In the first demonstration, conducted on 40 acres at JayMar Farms, the field was divided into three sections: one section was treated with chemical fungicides alone, the second section was treated with the BVT system and the same chemical program used in the first section, while in the third section the BVT system was used with a 50 per cent reduction in the chemical sprays.
  • The two sections with the BVT system had statistically significant reductions in incidence of botrytis gray mold (3 per cent vs 13 per cent)
  • The section where the BVT system was used with a 50 per cent reduction of the chemical fungicides had the best marketable yield, 26 per cent better yield than chemicals alone in direct comparisons
  • The section where the BVT system was used together with the full chemical program produced a 6 per cent higher yield than where the chemicals were used alone in direct comparisons
The second grower demonstration was conducted on 20 acres with three sections: one section was treated with chemical fungicides alone, while the other two were treated with the BVT system in addition to the chemical fungicide program.
  • All sections of the field had low levels of botrytis gray mold
  • The two sections where the BVT system was used produced 6 per cent and 24 per cent more marketable yield respectively than chemical fungicides alone
  • On average for the season, plants in the sections where the BVT system was used produced 11 per cent more berries per plot compared against the chemical fungicide section
The third grower demonstration was conducted on 10 acres with two sections: one with a chemical program, and the other with the BVT system plus the same chemical program.
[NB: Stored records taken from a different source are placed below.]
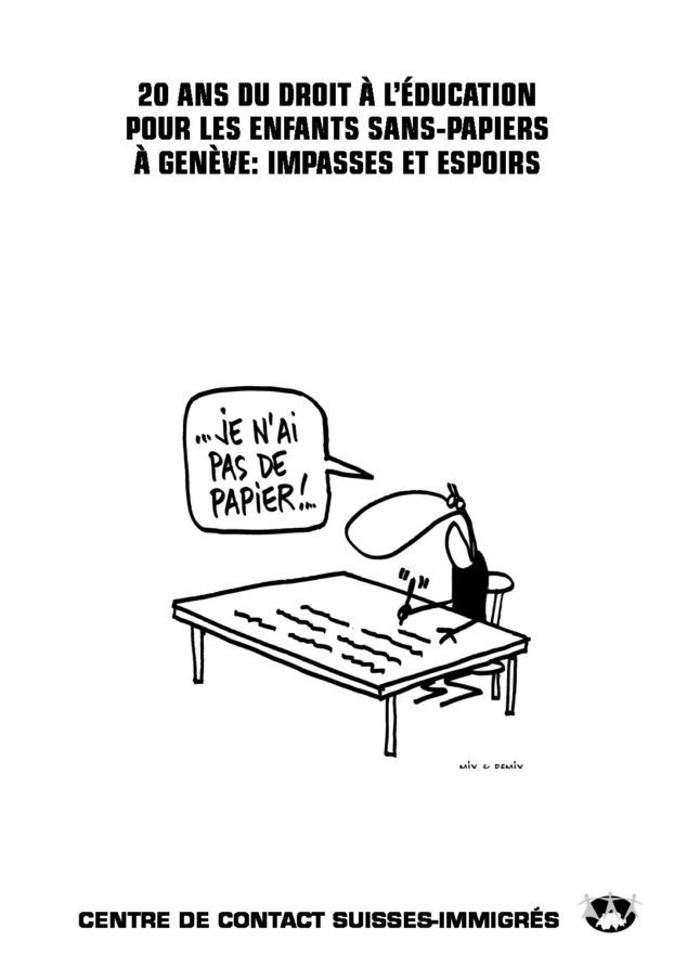 Produite par le CCSI en 2011 à l’occasion des 20 ans du droit à l’éducation pour les enfants sans statut légal à Genève, cette brochure retrace la lutte menée par le CCSI pour que tous les enfants aient accès à l’école et à la formation professionnelle, quels que soient leur origine ou leur statut. Cette brochure est un complément idéal à l’exposition créée par le CCSI sur le même thème (voir ci-dessous). Pour voir le PDF de la brochure, cliquez ici.
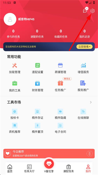 2、進(jìn)入個(gè)人界面后,點(diǎn)擊右上角的設(shè)置圖標(biāo),進(jìn)入設(shè)置頁(yè)面。
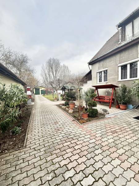 Központi elhelyezkedéssel, iskola, vasútállomás és üzletek közelében eladó egy 275 m²-es, 3 szintes, 6 szobás + nappalis, két generáció számára is ideális ikerházfél, 742 m²-es saját telekkel.Az ingatlan két konyhával, 2 beállásos garázzsal, számos tárolási lehetőséggel rendelkezik. A ház szigetelt, fa thermo nyílászárókkal, 3 klímával, pár éves kondenzációs gázkazánnal, víztisztító rendszerrel és elektromos kovácsoltvas kerítéssel felszerelt.A kertben a gyerekhinta, szaletli és a sütögető is a vételár részét képezi, valamint az ingatlanban lévő bútorok egy része is. Ideális választás nagycsaládosoknak, több generáció együttélésére, vagy akár otthoni vállalkozás kialakítására is.
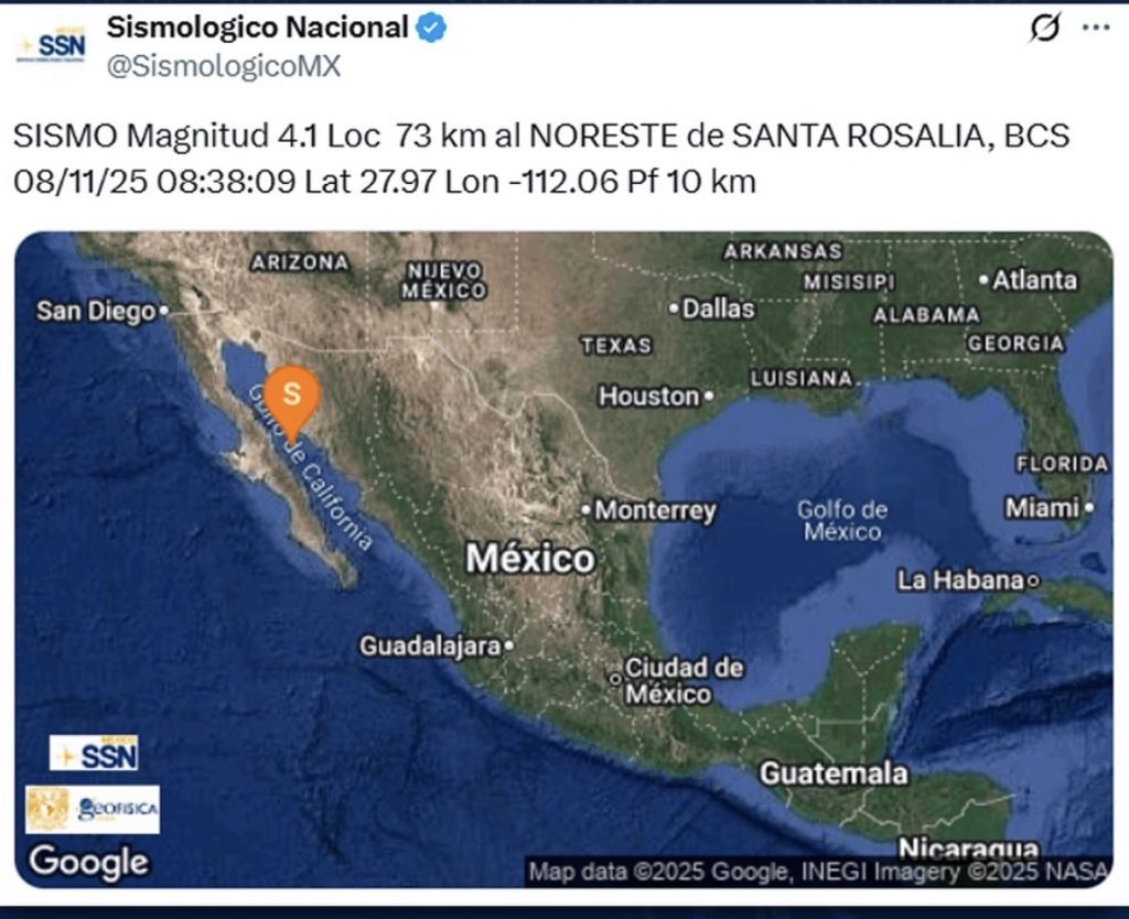 Un nuevo temblor se presentó la mañana de este sábado a 73 km de Santa Rosalía, Baja California Sur
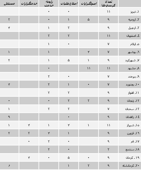 جدول کامل نتایج انتخابات شوراهای مراکز استان به تفکیک گرو ه های سیاسی

  • Both sections of the field had low levels of incidence of the botrytis disease
  • The section with the BVT system had a 29 per cent higher marketable yield across two observations when compared against the chemical only section
The Company is continuing to successfully execute on its documented growth strategy while driving towards commercialization of its proprietary system. BVT is selectively expanding its market opportunities while continuing towards securing U.S. Environmental Protection Agency (EPA) regulatory approval of its BVT-CR7 beneficial microbe.

In the next six months, the Company will complete its go to market planning for the commercial launch including finalizing the business model, pricing and distribution partnerships, and is planning trials in additional crops and countries, including sunflowers in the U.S. and in strawberries and tomatoes in Europe.